29 October 2013 Theo Reddi, Credit Guarantee

“Opportunities for business and trade with Nigeria remain good but tough for both the corporate and individual, irrespective of the resources available to them,” comments Theo Reddi, General Manager Exports, at Credit Guarantee Insurance Corporation. “However, success stories have been reported for those who have ‘done their homework’ and taken the time to understand the Nigerian market dynamics. 2014 may be a challenging year for Nigeria with elections due to take place, and the IMF revising their growth forecasts downward.”

Nigeria is the most populous African country on the continent with more than 160 million people. Its GDP in 2012 was upwards of US$455 billion; with a strong surge in oil production, the economy has expanded quickly, achieving an average annual growth rate of 7% over the past five years. The country is Africa’s leading oil producer, although sabotage of oil facilities and pipelines and violent attacks on foreign oil workers in the Niger Delta impede output. Nigeria’s previous military rulers failed to diversify the economy away from its dependence on the oil sector which currently accounts for approximately 95% of foreign exchange.

The country continues to be hampered by political instability, corruption, inadequate infrastructure, and poor macroeconomic management; slow implementation of reforms remains a hindrance to growth, but Government continues working towards developing stronger public-private partnerships for roads, agriculture, and power.

Government has begun to show the political will to implement market-oriented reforms previously urged by the IMF. Some of these include the modernisation of banking systems, removal of subsidies, and resolving of disputes relating to the distribution of earnings from the oil industry. The country was not immune to the global financial and economic crisis and the Central Bank governor has taken measures to restructure and strengthen the banking sector to include imposing mandatory higher minimum capital requirements.

According to the Heritage Foundation in partnership with the Wall Street Journal, the public and energy sectors employ much of the formal labour force, and an increase in the minimum wage has reduced hiring flexibility and undercut labour productivity. The structural changes that are critical to broad-based development have not emerged. There has been prolonged regulatory uncertainty with legislation designed to introduce sweeping changes to the oil and gas industry not moving forward over the past four years. The legal system suffers from political interference, bureaucratic delays, insufficient funding, and the lack of a document-processing system. One of the world’s least efficient property registration systems makes it difficult to acquire and maintain rights to property. Enforcement of copyrights, patents, and trademarks is deficient. Rampant corruption, high crime, and insecurity continue to weaken the rule of law.

Ethnic, regional, and religious violence has taken a heavy toll, aggravated by the imposition of Islamic law in the northern states, while Islamic terrorism by Boko Haram in the predominantly Muslim North has caused regional instability. Oil and gas account for about 90% of export earnings and 80% of government revenue. The informal economy is extensive, and a majority of the population is engaged in agriculture.

The Foundation reports that the top income tax rate is 24% and the top corporate tax rate 30%. Other taxes include a value-added tax and a capital gains tax.

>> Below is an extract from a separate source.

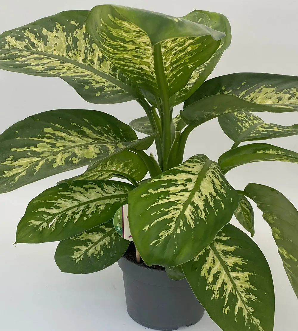 La dieffenbachia (Dieffenbachia amoena, D. picta) è una splendida pianta tropicale d’appartamento amata per le grandi foglie variegate, spesso quasi bianche con bordi o righe verdi o vistose maculature. Può raggiungere altezze di 1 metro e più, con foglie lunghe anche più di 30 cm.

The overall tax burden equals 16.3% of total domestic income. Government spending is equivalent to 29.1% of total domestic output. The budget is in a slight surplus, and public debt remains below 20% of GDP.

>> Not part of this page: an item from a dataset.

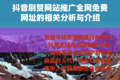 在当今社交媒体盛行的时代,抖音无疑是其中的佼佼者,拥有着海量的用户群体和极高的人气,而在抖音的生态中,点赞数量往往被视为衡量一个视频受欢迎程度的重要指标之一,抖音刷赞网站推广全网免费网址这样的信息开始在网络上出现并受到一些人的关注。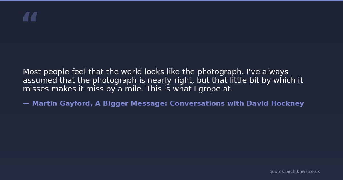 Most people feel that the world looks like the photograph. I've always assumed that the photograph is nearly right, but that little bit by which it misses makes it miss by a mile. This is what I grope at.

The entrepreneurial environment continues to be burdened by time-consuming and costly regulatory procedures. The minimum capital requirement for starting a business has been eliminated, but licensing costs still average over four times the level of average annual income. Inflation has eased somewhat but is still high.

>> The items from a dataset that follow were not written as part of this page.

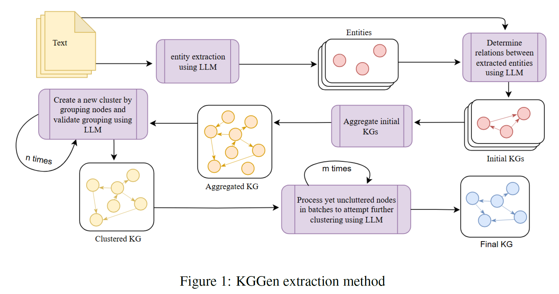 本文提出了一种解决数据稀缺问题的新方法------一个文本到知识图谱(text-to-KG)生成器 KGGen 。该方法利用语言模型从纯文本中生成高质量的知识图谱。与其他知识图谱抽取器不同,KGGen 会对相关实体进行聚类,以减少生成图谱中的稀疏性。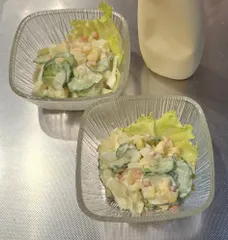 なんでもサラダ コールスロー風サラダですが、コーンとキュウリが多すぎて、キャベツの存在感が薄くなりました。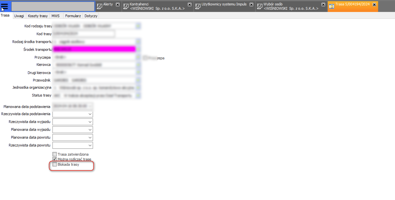 Ustawiona blokada w Impulsie (wchodzimy w szczegóły trasy w impulsie):

The trade-weighted average tariff rate is quite high at 10.6% and slow customs procedures further deter dynamic growth in trade. Most sectors are open to private investment, and regulations formally treat foreign and domestic investment equally, but the investment regime lacks efficiency. Reform in the financial sector has been ongoing since 2009, but the state continues to influence the allocation of credit.

"South African exports to Nigeria totalled R5.8 billion in 2011, R6.4 billion in 2012 and R4.63 billion in Jan-August 2013 (compared to total African exports of R95.1 billion in the first eight months of the year),” continues Reddi. The rapid growth rate that Nigeria is expected to deliver has given rise to estimates that Nigeria’s economy will exceed that of South Africa’s by the end of the decade. Consequently, numerous South African based entities are considering a foray into the Nigerian economy, across many diverse industries.

"We believe that consideration of payment protection for goods delivered to Nigeria is vital,” concludes Reddi.